Die Welt blickt heute auf Berlin. Noch nie schien ein Frieden für die Ukraine so greifbar nahe wie an diesem Montag. Die Europäer melden sich als Akteure zurück. Nicht zuletzt dank des deutschen Kanzlers.
Politik ist das Bohren dicker Bretter, hat mal einer gesagt. Das stimmt auch, ist aber nur die halbe Wahrheit. Derselbe Max Weber, der dieser Sentenz in seinem Klassiker „Politik als Beruf“ Flügel verlieh, hat deshalb auch darüber sinniert, dass Charisma, also am Ende die Inszenierung des einzelnen Politikers als Person, zur Kunst des Politischen gehört.

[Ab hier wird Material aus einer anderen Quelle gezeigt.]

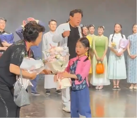 都说是隔辈亲,这话放在朱时茂夫妻和朱星潼身上真是一点没错,演出一结束,朱时茂和范旭霞就冲上舞台给孙女献花。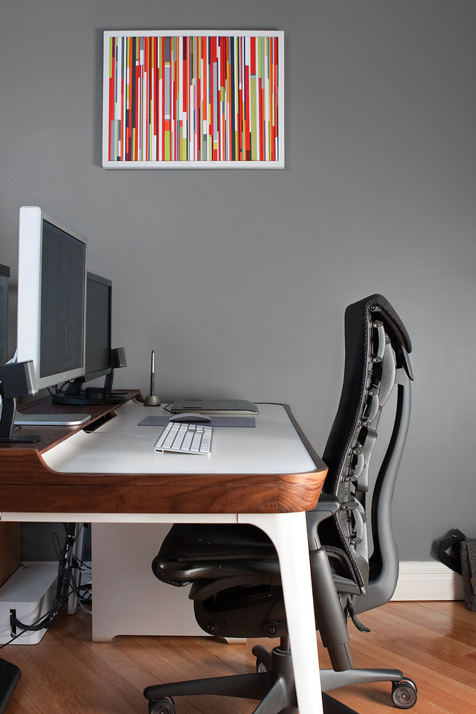 When designing my first home office I knew I wanted to be able to have room to spread out. It was important for me to have a dedicated art table where I could leave things I am working on and a separate area for my digital workstation. This allows me to stay focused on the task at hand and return to the other station exactly where I left off. I had originally planned on building a L shaped desk until I came across a great deal on a, basically new, Herman Miller Aria Desk on Craigs List. This had been my dream desk since its release but far over my budget for a desk. But at over 60% off retail I jumped on it. This was the first real furniture purchase for the office and it influenced the overall (walnut and white) aesthetic a great deal.

In diesem Sinne kann man spätestens an diesem denkwürdigen Montag in Berlin festhalten: Mag Friedrich Merz in seiner Koalition von Anbeginn auf schwankendem Grund stehen, so hat er es doch vermocht, in den ersten neun Monaten als deutscher Bundeskanzler zur Führungsfigur des freien Westens in dessen europäischem Teil geworden zu sein.

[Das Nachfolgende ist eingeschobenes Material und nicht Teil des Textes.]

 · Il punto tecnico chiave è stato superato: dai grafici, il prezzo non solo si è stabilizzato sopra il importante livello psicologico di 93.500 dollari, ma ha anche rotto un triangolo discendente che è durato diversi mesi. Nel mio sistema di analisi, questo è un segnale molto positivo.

Alle, aber auch wirklich alle wichtigen Staats- und Regierungschefs der EU inklusive des britischen Premiers Keir Starmer und des ukrainischen Präsidenten Wolodymyr Selenskyj sind zu den Gesprächen über eine Friedenslösung nach Berlin gekommen. Es erscheint zwar unwahrscheinlich, dass im Laufe des Tages oder bis morgen früh etwas auf dem Tisch liegt, das einerseits der territorialen Integrität der Ukraine und deren existenziellen Sicherheitsinteressen entspricht und zugleich den USA und dem Aggressor Russland Korridore für weitere Verhandlungen offen hält.

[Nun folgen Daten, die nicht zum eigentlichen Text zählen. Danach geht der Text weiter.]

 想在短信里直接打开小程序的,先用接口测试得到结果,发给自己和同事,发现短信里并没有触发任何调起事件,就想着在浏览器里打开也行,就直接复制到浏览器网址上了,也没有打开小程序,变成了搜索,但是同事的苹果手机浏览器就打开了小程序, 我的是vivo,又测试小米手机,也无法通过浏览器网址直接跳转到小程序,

Vor diesem Hintergrund ist es schon ein Wert an sich, dass sich die Europäer unter Friedrich Merz zurück ins Spiel gebracht haben – nach dem unseligen 28-Punkte-Plan, der ganz ohne ihr Zutun den Amerikanern von Russland in den Block diktiert worden war. Und so berechtigt die Frage ist, welche Legitimität und Fachkompetenz eigentlich die beiden US-Chefunterhändler Jared Kushner und Steve Witkoff aufweisen. Sie sind mit am Tisch im Kanzleramt, die transatlantische Brücke ist also geschlagen.
Es ist kein Wiener Kongress, der da heute in Berlin stattfindet. Und doch wird gerade Europa neu arrondiert. Es geht dabei tatsächlich um mehr als die umkämpften Ostgebiete der Ukraine, die sich Russland einverleiben möchte, und um mehr als etwaige Konzessionen territorialer Natur seitens der Ukraine. Es geht darum, dem Kriegsherrn im Kreml zu zeigen, dass Europa von Italiens Stiefelspitze bis hoch zum Polarkreis Finnlands zusammensteht und der Ukraine zu ihrem Recht verhilft.
Die Europäische Union gibt oft Anlass, an ihrer Trägheit und ihren Fliehkräften zu verzweifeln. Aber in diesen vielleicht historischen Tagen zeigt sie sich geschlossen wie lange nicht. Daran hat der deutsche Bundeskanzler mit seiner Entschlossenheit, seinem klaren Kompass und seiner Willenskraft einen entscheidenden Anteil.